SDE: As a reissue producer, is it more satisfying sometimes trying to work on a re-release where maybe it was under-appreciated the first time around?  I mean obviously this is a big selling record so everyone knows it, but is there more satisfaction in maybe reissuing East of Sun West of the Moon, or Memorial Beach, or something like that?

BI: Well yeah, I think if you can make a case for a record by, I mean sometimes you certainly, you celebrate the victory a little bit more if you manage to get something out that was maybe more of an ordeal to get people convinced to see your vision. It’s like that thing, it’s not hard to get someone interested in putting out a first Ramones album, but the tenth? So it’s a little of both. I mean I have track lists and proposals from Hunting High and Low that are literally from the tenth anniversary.  So it was such an incredible victory to get it out in 2010. It’s like “wow I can’t believe we finally got this to happen”.

SDE: Just on that, since you mention it, I’m assuming you don’t go armed with a load of data and research about demographics and population, and who’s going to buy it and who isn’t. Is it a kind of finger in the air and gut feeling and people’s trust in you and your ability to persuade them that this is the right thing to do?

BI: Well the answer is I think it’s a little of all of that.  I mean now that I’m functioning as an independent person, I’m not an employee of Warners. When I was working on the compilation in 2004, when I did the Singles, I was still an employee, so you’re in the company’s framework and you’re trying to champion things, but you do have to get the sales people interested, and people do have to champion it and that makes sense.  No one gets in business to lose money, and if you do, you can’t be in business for very long. So you have to deal with very realistic expectations and parameters, and so sometimes it is a little bit of that.  You’ve got to look at sales.

I mean obviously it helps to have a very cooperative artist and management that are keen to want to work with you to put something out. It’s a combination of all those things.  I know that’s a very cliché way of putting it, but it’s really true. You could have the best proposal in, to do a package, but if management says no or says no for now, then you’re going to wait.

SDE: So if the Hunting High and Low box does really well, will you be knocking on Rhino’s door to say “let’s do a similar set for the second album”?

BI: Well I mean it’s something you might want to think about.
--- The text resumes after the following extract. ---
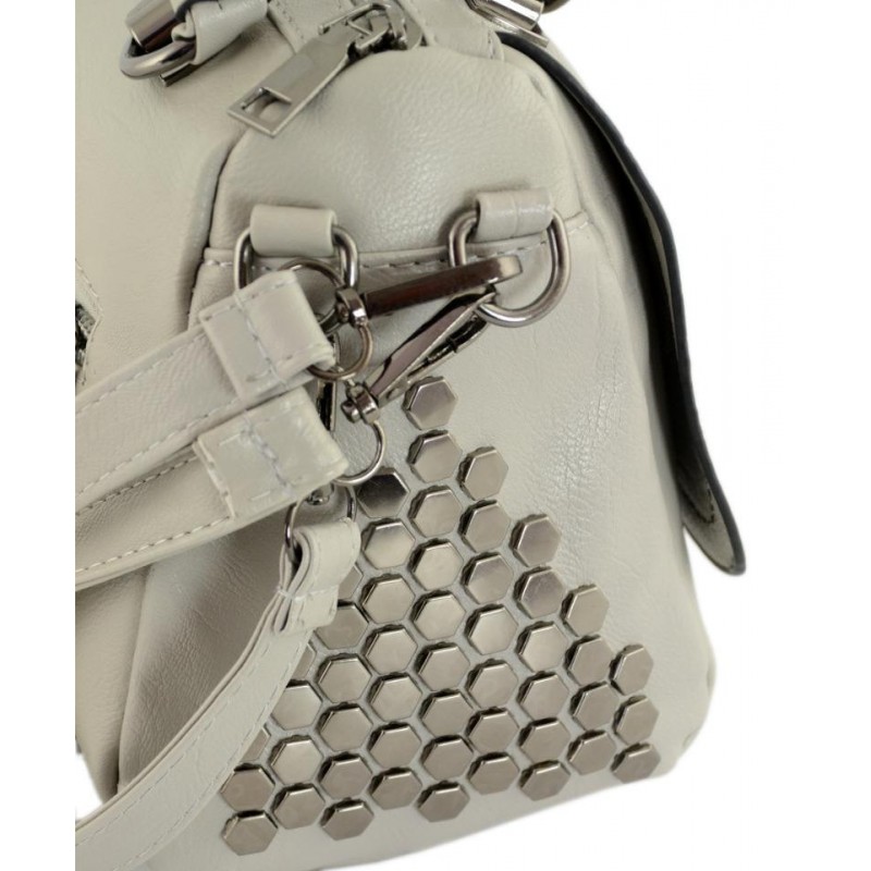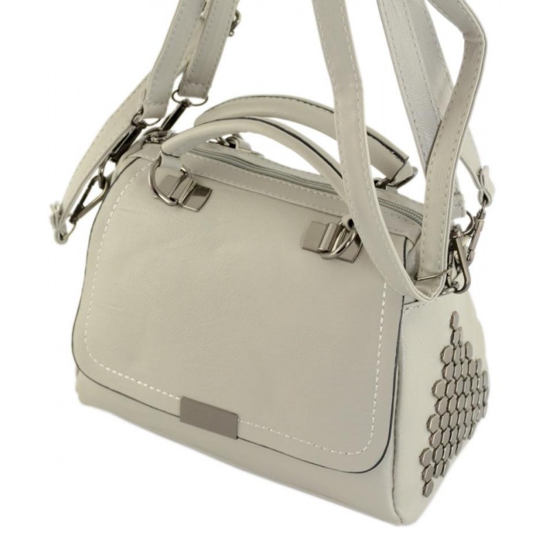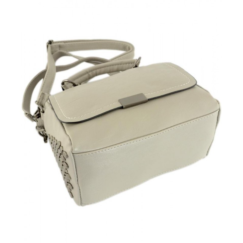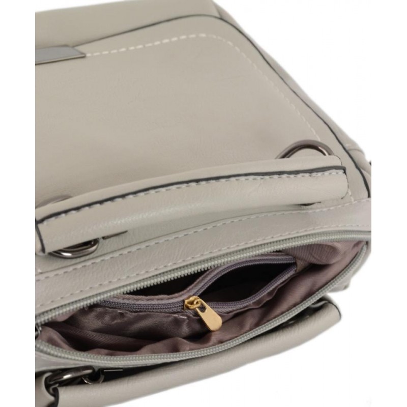 - Сумка TRAUM 7220-43 світло-сіра з лицьового боку прикрашена клапаном.

The problem you run into a lot of times is you have enough compelling material to actually expand it out yet again, and that’s not just music.  It can be packaging, it can be visuals. It can be can the band tell enough good stories that you’ve got a book?  So I guess I’d say never say never. Certainly if it’s successful, I can guarantee you it’ll be discussed. But right now I’m working on the albums three, four and five at the moment, and that’s kind of as far forward as I can think [details on this have since been announced]. I mean I feel if you’re a fan of the band, and I assume anyone that’s going to buy the deluxe edition is, I think that there’s some really excellent stuff that’s coming out on these next three, and with almost no exceptions, it’s almost all completely unreleased.


Bill Inglot was talking to Paul Sinclair for SuperDeluxeEdition. The SDE of a-ha’s Hunting High and Low is out now.